**Activity:** After locating the line with "그중에서도 SCHD(Schwab US" below, output it and each following line exactly, stopping after the line with "মানববন্ধনে তারা আরও". No pictures.

**Dataset records:**

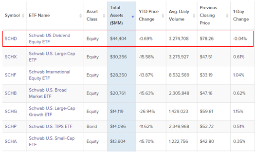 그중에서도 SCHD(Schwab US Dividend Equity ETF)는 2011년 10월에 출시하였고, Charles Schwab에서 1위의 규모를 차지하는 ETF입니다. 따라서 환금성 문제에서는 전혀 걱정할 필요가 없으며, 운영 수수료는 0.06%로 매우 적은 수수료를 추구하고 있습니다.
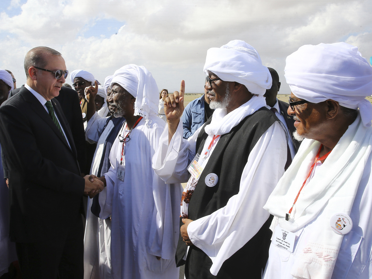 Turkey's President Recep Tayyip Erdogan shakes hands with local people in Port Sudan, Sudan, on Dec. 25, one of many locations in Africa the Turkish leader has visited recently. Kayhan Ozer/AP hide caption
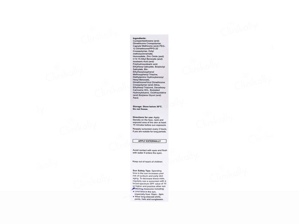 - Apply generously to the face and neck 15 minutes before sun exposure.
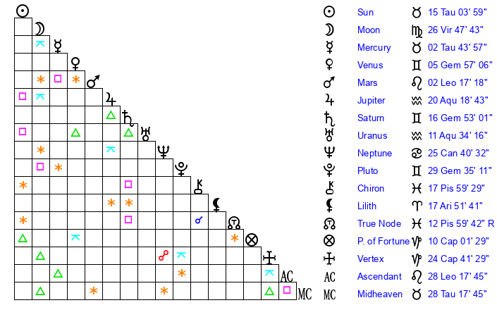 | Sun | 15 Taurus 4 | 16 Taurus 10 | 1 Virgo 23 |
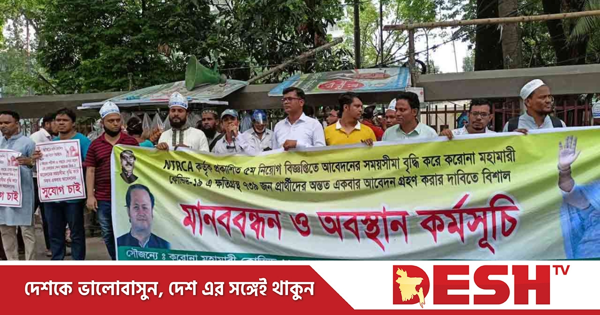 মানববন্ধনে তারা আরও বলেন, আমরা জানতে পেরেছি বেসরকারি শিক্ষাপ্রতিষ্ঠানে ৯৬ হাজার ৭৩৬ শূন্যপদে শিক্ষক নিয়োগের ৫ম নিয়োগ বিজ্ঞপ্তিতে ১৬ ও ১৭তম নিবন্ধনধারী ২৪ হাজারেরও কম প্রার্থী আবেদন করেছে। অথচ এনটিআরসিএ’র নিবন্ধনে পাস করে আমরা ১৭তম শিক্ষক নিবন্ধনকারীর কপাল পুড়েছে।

==

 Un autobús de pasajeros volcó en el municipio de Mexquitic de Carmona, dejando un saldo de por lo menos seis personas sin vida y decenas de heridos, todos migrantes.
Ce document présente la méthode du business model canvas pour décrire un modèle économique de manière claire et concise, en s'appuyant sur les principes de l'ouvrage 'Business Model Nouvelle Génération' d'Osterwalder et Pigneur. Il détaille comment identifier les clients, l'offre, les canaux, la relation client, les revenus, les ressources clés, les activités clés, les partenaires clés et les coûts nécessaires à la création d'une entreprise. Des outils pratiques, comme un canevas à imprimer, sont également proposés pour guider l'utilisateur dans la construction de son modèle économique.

**Response for this exercise:**
 그중에서도 SCHD(Schwab US Dividend Equity ETF)는 2011년 10월에 출시하였고, Charles Schwab에서 1위의 규모를 차지하는 ETF입니다. 따라서 환금성 문제에서는 전혀 걱정할 필요가 없으며, 운영 수수료는 0.06%로 매우 적은 수수료를 추구하고 있습니다.
 Turkey's President Recep Tayyip Erdogan shakes hands with local people in Port Sudan, Sudan, on Dec. 25, one of many locations in Africa the Turkish leader has visited recently. Kayhan Ozer/AP hide caption
 - Apply generously to the face and neck 15 minutes before sun exposure.
 | Sun | 15 Taurus 4 | 16 Taurus 10 | 1 Virgo 23 |
 মানববন্ধনে তারা আরও বলেন, আমরা জানতে পেরেছি বেসরকারি শিক্ষাপ্রতিষ্ঠানে ৯৬ হাজার ৭৩৬ শূন্যপদে শিক্ষক নিয়োগের ৫ম নিয়োগ বিজ্ঞপ্তিতে ১৬ ও ১৭তম নিবন্ধনধারী ২৪ হাজারেরও কম প্রার্থী আবেদন করেছে। অথচ এনটিআরসিএ’র নিবন্ধনে পাস করে আমরা ১৭তম শিক্ষক নিবন্ধনকারীর কপাল পুড়েছে।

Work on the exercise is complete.